The first is that the climate controls are on the touchscreen, rather than physical buttons, meaning you have to avert your attention from the road for far too long to change anything.
The second is that when you want to turn off the ADAS (which you probably will, despite Leapmotor being proud to have fitted them all to such an affordable car, because the steering randomly being tugged from your control is always a horrible and unnerving feeling), you not only have to go into a touchscreen menu to deactivate them but have to actually park the car first – a first in my experience, and an extremely unwelcome one.
Elsewhere inside, what isn’t covered in cloth (the seats and parts of the door cards) is made from hard, dark plastic. Usually this would come in for criticism, but that doesn’t seem fair when this car is so affordable in comparative terms, and how often do you sit and caress your car’s dashboard?
Even if you did, you wouldn’t find any truly unpleasant textures or rough edges.
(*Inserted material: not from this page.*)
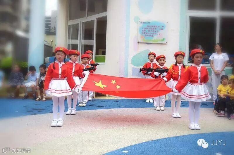 在小主持们及园长妈妈真挚的节日祝愿后,紧接着四位护旗手和两位升旗手的簇拥着鲜红的五星红旗,迈着整齐的步伐进场,全场小朋友庄严地行注目礼,孩子们伴随着乐曲唱起嘹亮的国歌,国旗随着激昂奋进的国歌声冉冉升起,孩子们对祖国妈妈的敬爱之情油然而生!

In the case of the front passenger’s grab handle, you would even find some smooth gloss plastic.
As already mentioned, the interior is unusually spacious for a small car. At 5ft 9in, this tester didn’t even have cause to think about space, and a group of over-6ft journalists from other publications reported that they’d ridden together with no elbow-clashing or head-rubbing.
There’s an Isofix mounting for a child seat if you need it, too, the T03 being a ‘proper’ car.
The boot is much less impressive, mind you: while it’s deep, its aperture is unusually narrow, and the mere 210-litre capacity is partly taken up by the charging cables. I got a carry-on suitcase and a rucksack in there on top of them, but there wasn’t room for much more.